Houdini of the Holidays

The man who ditched emails for eggnog.

This is the holiday swing — the Bermuda Triangle of the calendar year, when people leave the office for lunch and don’t return; when 8 tabs are open on the work laptop and 7 of them are Amazon, Wayfair, and a minimalist baking blog; when hand-wringing salesmen try earnestly to close The Deal only to find out that the prospect and The Deal and any and all mention of The Deal have vanished before their eyes like the ghost of Christmas past.

I have seen some disappearing acts in my day, but none better, and certainly none more joyous than a man I dubbed in latter years…The Houdini of the Holidays. Whenever this festive season draws near I think of him. He was an accomplished and well regarded businessman who, from the time beginning on Thanksgiving day, running though the New Year, and sometimes well into January — would simply drop off the face of the corporate earth. Say peace. Go AWOL. Skip town.

There was no funny business going on. He had the time to take and he took it. All of it. That’s to his credit. Usually his getaway ruffled some feathers. But the feathers he ruffled were due solely to the fact that he absconded so mysteriously, and dare I say, so smoothly. There were no grand goodbyes. No announcements at meetings. He left no pralines in the break room. As far as I know he was the one who knew his plans.

Good for him. Houdini threw off the fetters of his business affairs so quickly and nonchalantly, I began to wonder if this was really some stunt he pulled for sheer effect.

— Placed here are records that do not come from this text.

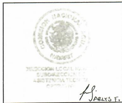
SELLO DE RECEPCIÓN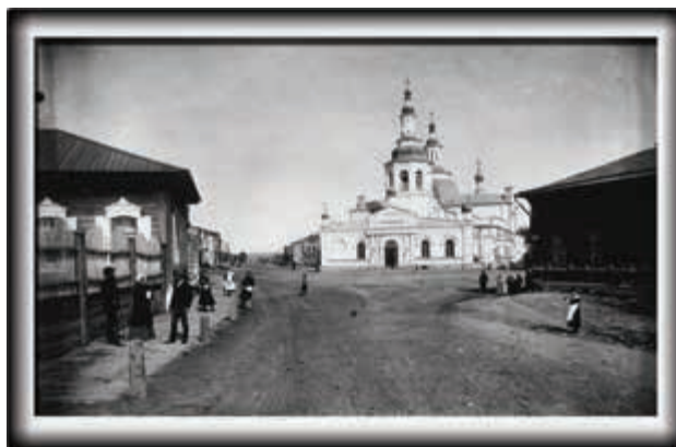
Спасский собор и Большая улица, 1908 г.

зав. отделом научно-справочного аппарата и использования документов архива г. Минусинска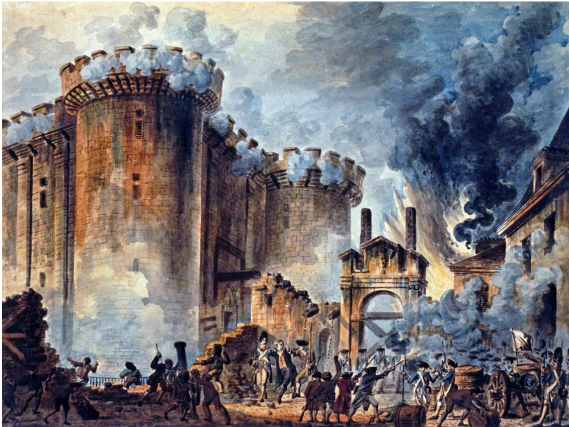
Queda da Bastilha

Well, if he was looking for effects, he got them.

The rest of us, of course, did not throw our cares to the wind so readily; though we wished we did. From the shadowy corners of our cubicles we watched him with fishy eyes, wondering if today was the day he was leaving for good. The moment Houdini left, we felt lost. The wind left our sails. Some good spirit departed and some stale kettle-cooked smell took its place. Our thoughts lingered after him like a litter of puppies, hoping he would take us with him, wherever he went.

Naturally we filled the time he was gone wondering where he went and what he did and who he saw and above all, why. It stunned our white collar minds that someone would just leave on a whim; leave without reason and leave with a smile on their face.

But the why was the least mysterious part of his getaway. I speculate that his plans were this: that he left, drove 10 minutes down the road, opened the door to his house and sat down on his couch in the living room. Really it does not matter what he did. Because whether he was on his own couch or a couch in Cambodia, the cold, unsettling truth is: he was free. Free in the best sense of the word; not just with his time, but in his spirit. He was too jolly for productivity. Too busy for business. Too festive for finances. Too merry for moneymaking.

In an office of donkeys and dunces, he was the wise man. Years hence I have not met anyone like him. He savored the season wholeheartedly and slipped all the chummy office attempts to squeeze half hearted work out of half hearted workers. He was the most impressive example of someone who took his worklife seriously — that is, unseriously, as a slice, and only a slice of a much larger and sweeter pie called LIFE. He had things to do, and he was off. With a flair of good humor he locked his door and grabbed his coat knowing that the work would be there when he returned.

The one exception to his long hiatus was the Christmas party, which he attended faithfully and which, in many ways, served to invigorate his mystique. I can see him clearly now, floating in, shaking a couple of hands, swapping a couple of jokes, sipping his spiked eggnog and floating off again as blithely as he came.

In the New Year he was back as fresh as ever. He would turn up with a new haircut, a ruddy glow on his cheeks and a merry twinkle in his eye. He looked like a man who had hung his holly where it needed to be hung, who tackled a pine tree, smoked a pipe with St. Nick, buried the trifles of yesteryear and renewed his soul in the springs of Rest. In short, he looked like a man who taken a long holiday. The rest of us looked like we had taken a long happy hour.

What can I say? I miss him. He awed me then. He awes me now.

There are other wonders in the world beside work, and it takes an odd duck, a Houdini among us to remind us they’re out there and that we need to hustle to them. The bells are jiggling from afar. Today, at the start of Advent, I applaud him across time and space. I hope that a little of his magic rubs off on me this season, and when the time comes to skip in the snow, I go.